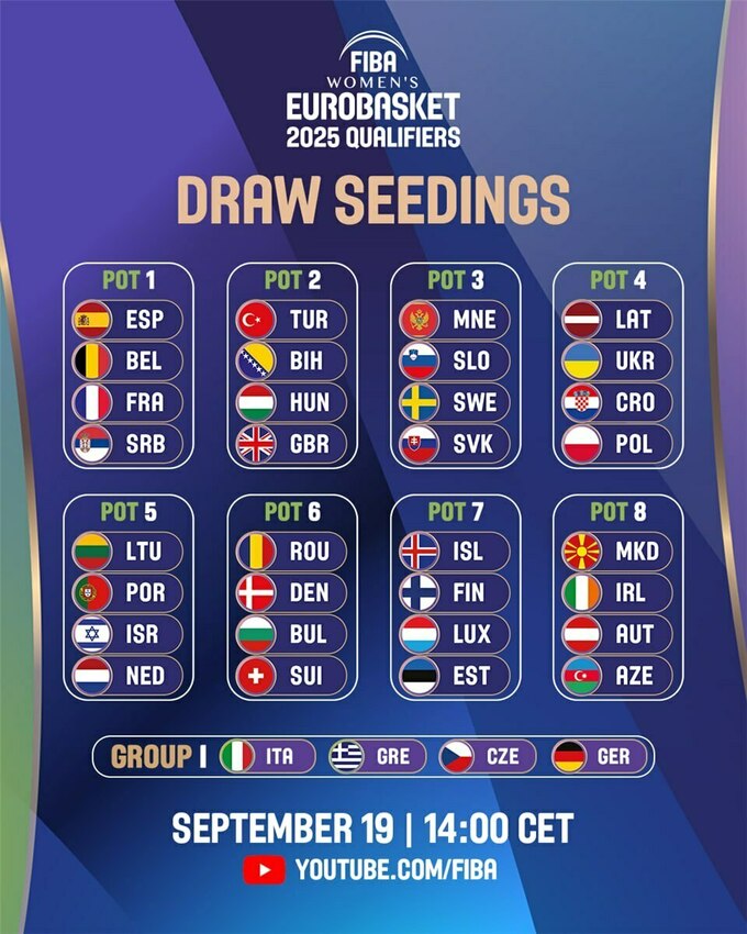 На Евробаскет-2025 выйдут 8 победителей групп, а также 4 лучших вторых места квалификации. Жеребьевка состоится 19 сентября в Мюнхене, а первые матчи отбора 9 и 12 ноября этого года.
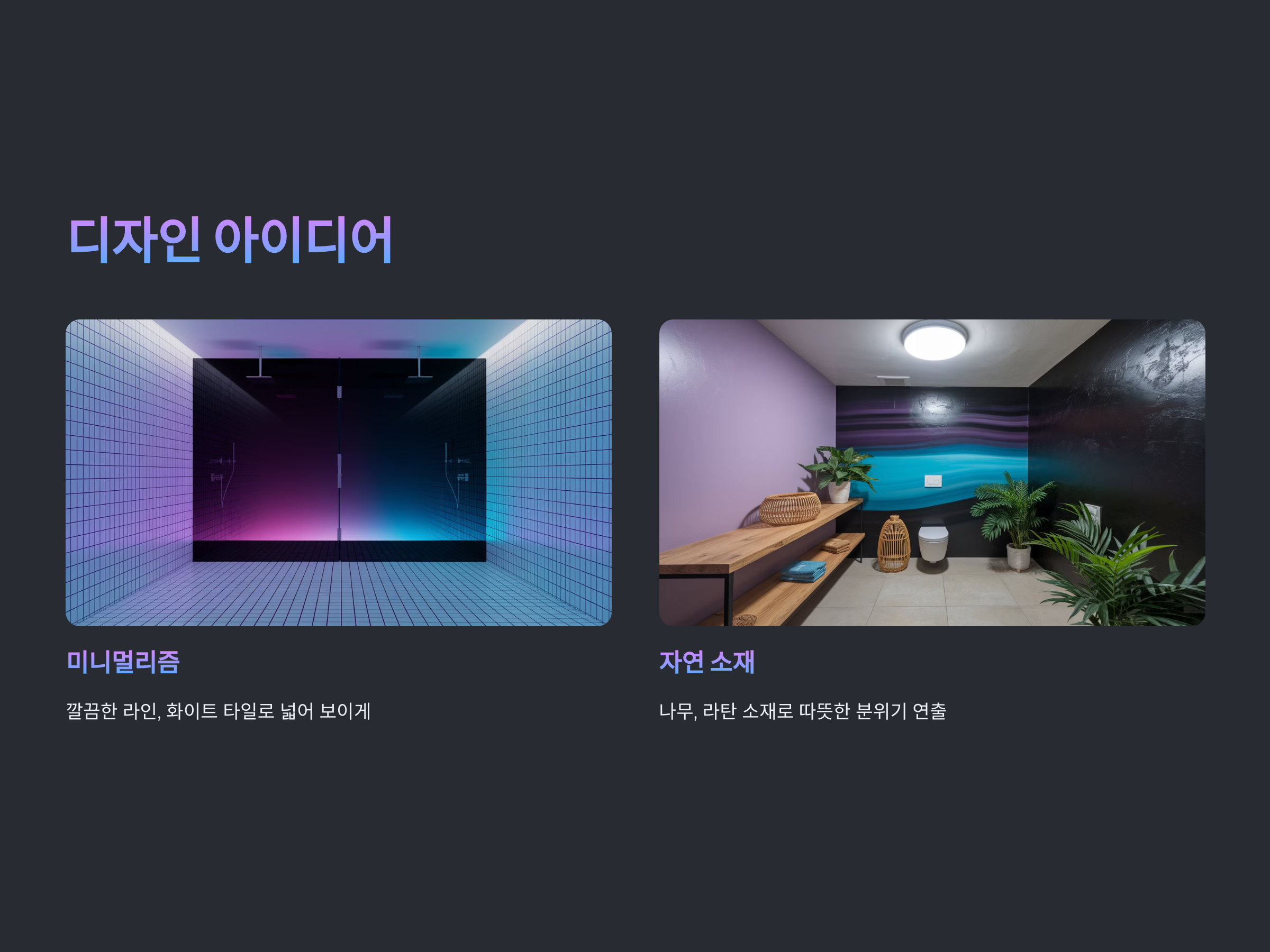 자연을 테마로 한 디자인도 요즘 트렌드입니다. 나무 느낌의 타일이나 라탄 소재의 욕실 소품을 활용하여 자연 친화적인 분위기를 연출할 수 있습니다. 특히, 나무 질감의 타일은 따뜻한 느낌을 주며, 좁은 공간에서도 편안하고 여유로운 느낌을 제공합니다.
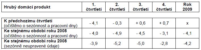 Hrubý domácí produkt, očištěný o cenové, sezónní a kalendářní vlivy, klesl v posledním loňském čtvrtletí meziročně o 3,1 %, celková zaměstnanost se snížila o 1,9 %. Za celý rok 2009 byl HDP proti předchozímu roku nižší reálně o 4,1 %, zatímco zaměstnanost klesla v průměru o 1,2 %.
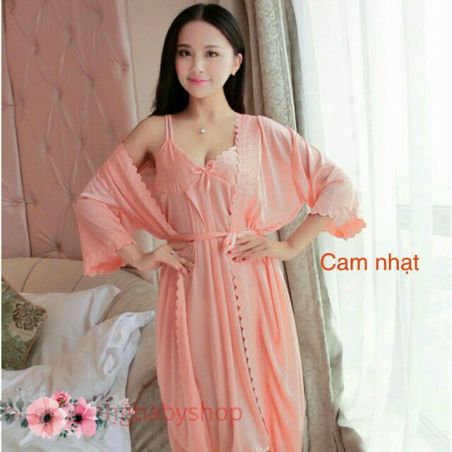 Váy Ngủ Lụa Lạnh Kèm Áo Choàng Dài Chất Liệu đẹp
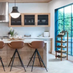 Conveniently store your favorite wines with the Life Story MyWinebar 15-Bottle Wine Rack. Made with a real wood frame and tilted top shelf just like restaurants have, this is a wine shelf you’ll be proud to show off to friends and family.A great gift for any occasion, this wooden frame wine rack fits all standard-sized bottles (about 750ml) and holds up to 15 bottles of wine. The open shelving displays your selection nicely, and the top display is tilted to showcase your 3 best wines ripe for the taking. Designed for wine enthusiasts who like to keep a smaller collection, the wine stand provides a convenient storing system that coordinates well with any decor. Easily move the storage shelf when emptied.Providing a sleek design for your top-notch wine selections, the MyWinebar 15-Bottle Wine Rack from Life Story is the perfect solution for wine bottle storage in your home.
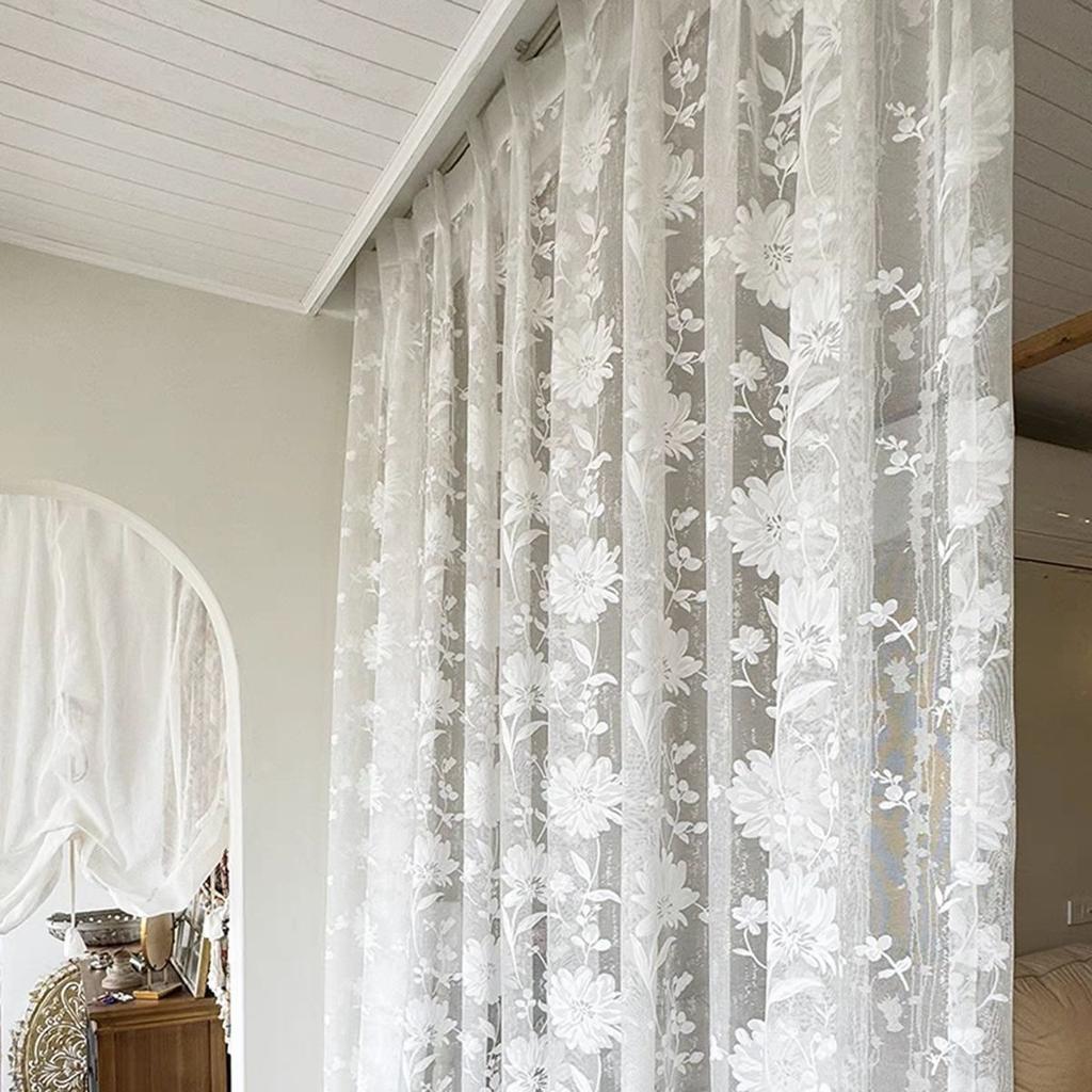 1pc Bohemian Sheer Lace Yarn Curtain Panel with Floral Patterns – Elegant Rod Pocket Window Drapery for Living Room or Bedroom

::::::::

TASK GOAL =>
Beginning with the line that contains "Hrubý domácí produkt, očištěný", output each line of the material above through the last one exactly as it stands. Do not include the pictures.

COMPLETED EXERCISE =>
 Hrubý domácí produkt, očištěný o cenové, sezónní a kalendářní vlivy, klesl v posledním loňském čtvrtletí meziročně o 3,1 %, celková zaměstnanost se snížila o 1,9 %. Za celý rok 2009 byl HDP proti předchozímu roku nižší reálně o 4,1 %, zatímco zaměstnanost klesla v průměru o 1,2 %.
 Váy Ngủ Lụa Lạnh Kèm Áo Choàng Dài Chất Liệu đẹp
 Conveniently store your favorite wines with the Life Story MyWinebar 15-Bottle Wine Rack. Made with a real wood frame and tilted top shelf just like restaurants have, this is a wine shelf you’ll be proud to show off to friends and family.A great gift for any occasion, this wooden frame wine rack fits all standard-sized bottles (about 750ml) and holds up to 15 bottles of wine. The open shelving displays your selection nicely, and the top display is tilted to showcase your 3 best wines ripe for the taking. Designed for wine enthusiasts who like to keep a smaller collection, the wine stand provides a convenient storing system that coordinates well with any decor. Easily move the storage shelf when emptied.Providing a sleek design for your top-notch wine selections, the MyWinebar 15-Bottle Wine Rack from Life Story is the perfect solution for wine bottle storage in your home.
 1pc Bohemian Sheer Lace Yarn Curtain Panel with Floral Patterns – Elegant Rod Pocket Window Drapery for Living Room or Bedroom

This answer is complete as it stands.